• [Task requirements]
Copy exactly the lines from the start of the material through the line with "Atölyenin ikinci bölümünde". Pictures stay out of the copy.

• [Available data]
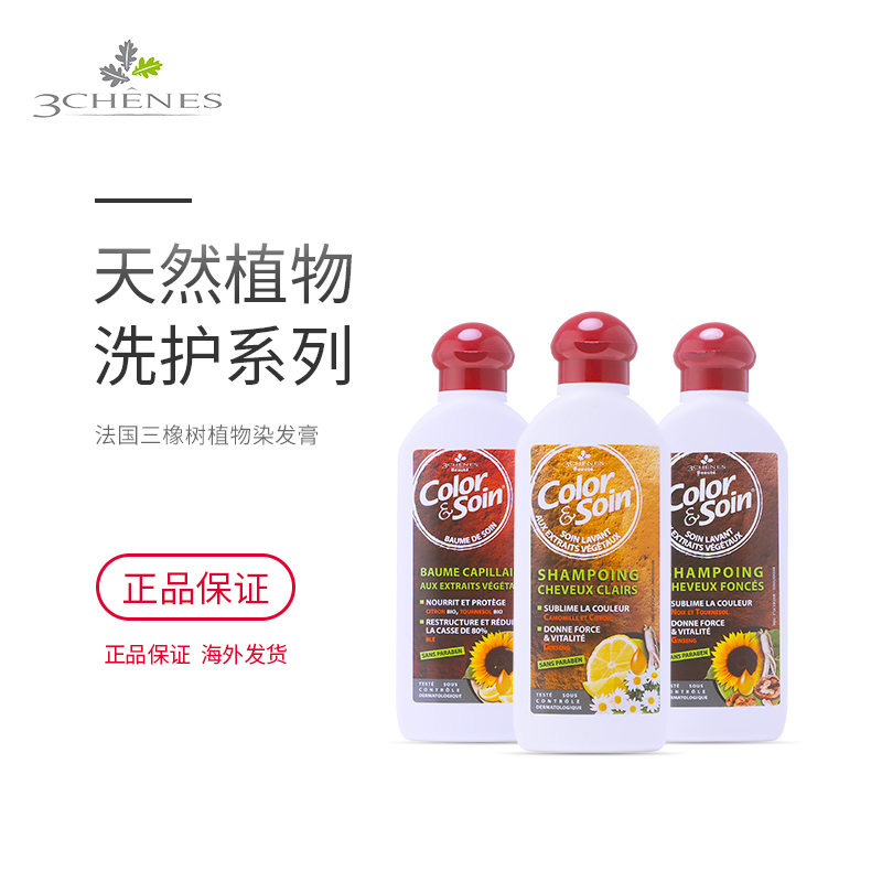 3CHENES三橡树天然植物护色染发深浅洗发水/护发素250ml 孕哺可用
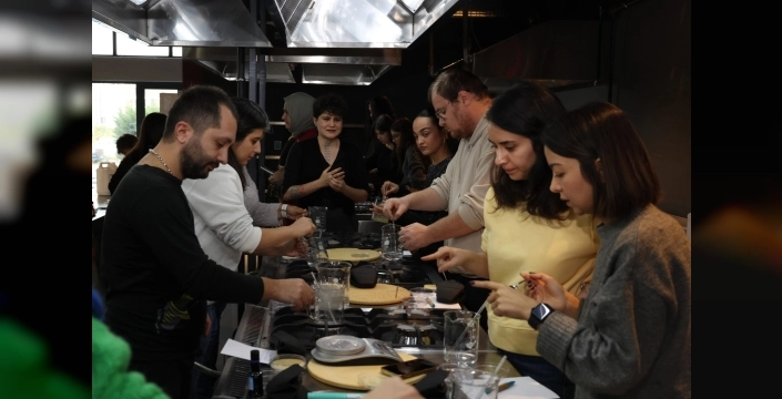 Atölyenin ikinci bölümünde ise katılımcılar, temel bir reçete doğrultusunda kendi biyoplastiklerini üretme fırsatı buldu. Bu pratik uygulamayla, plastiğin çevreyle olan ilişkisi üzerine yapılan teorik tartışmalar, somut bir deneyime dönüştürüldü. Katılımcılar, çevre dostu bir alternatif malzeme yaratma sürecini yakından deneyimleme imkanı buldu.
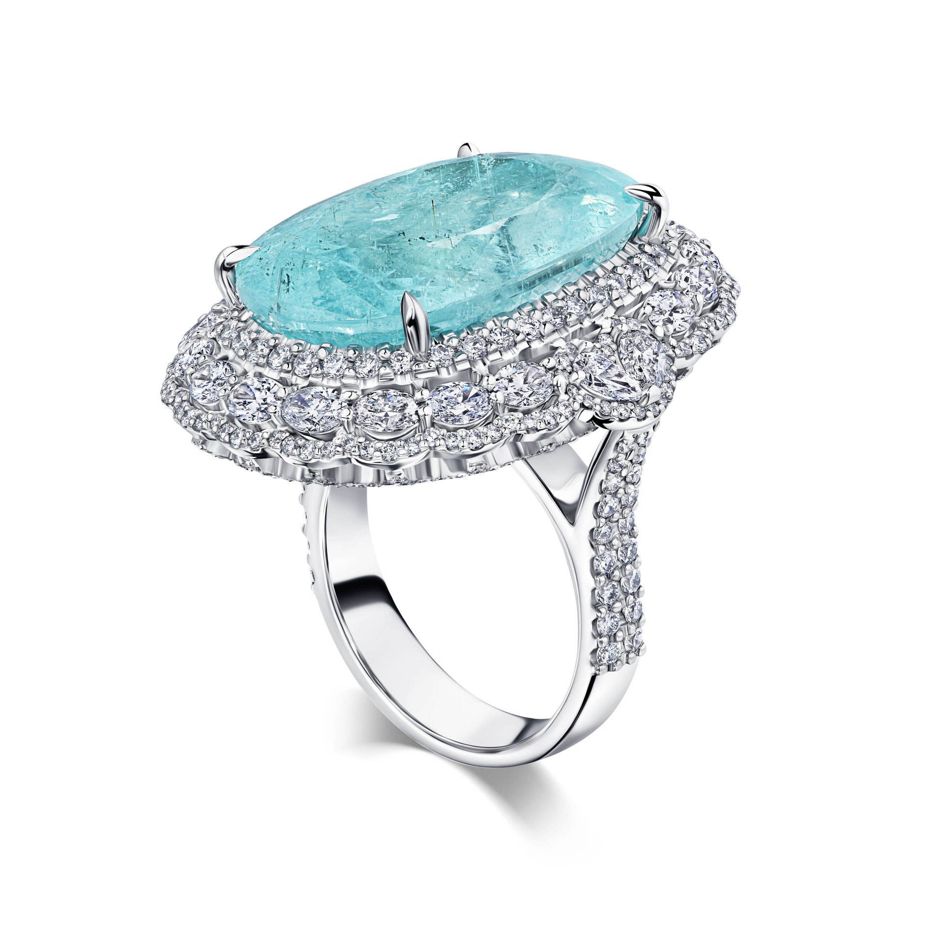 Кольцо с турмалином Параиба 24.64 карата привлекает внимание насыщенным голубым оттенком центрального камня, который занимает ключевое место в дизайне изделия. Турмалин Параиба весом 24.64 карата отличается выразительной прозрачностью и глубиной цвета, создавая эффект легкости и воздушности. Овальная огранка камня подчеркивает его природную красоту и объем.

• [Task output]
 3CHENES三橡树天然植物护色染发深浅洗发水/护发素250ml 孕哺可用
 Atölyenin ikinci bölümünde ise katılımcılar, temel bir reçete doğrultusunda kendi biyoplastiklerini üretme fırsatı buldu. Bu pratik uygulamayla, plastiğin çevreyle olan ilişkisi üzerine yapılan teorik tartışmalar, somut bir deneyime dönüştürüldü. Katılımcılar, çevre dostu bir alternatif malzeme yaratma sürecini yakından deneyimleme imkanı buldu.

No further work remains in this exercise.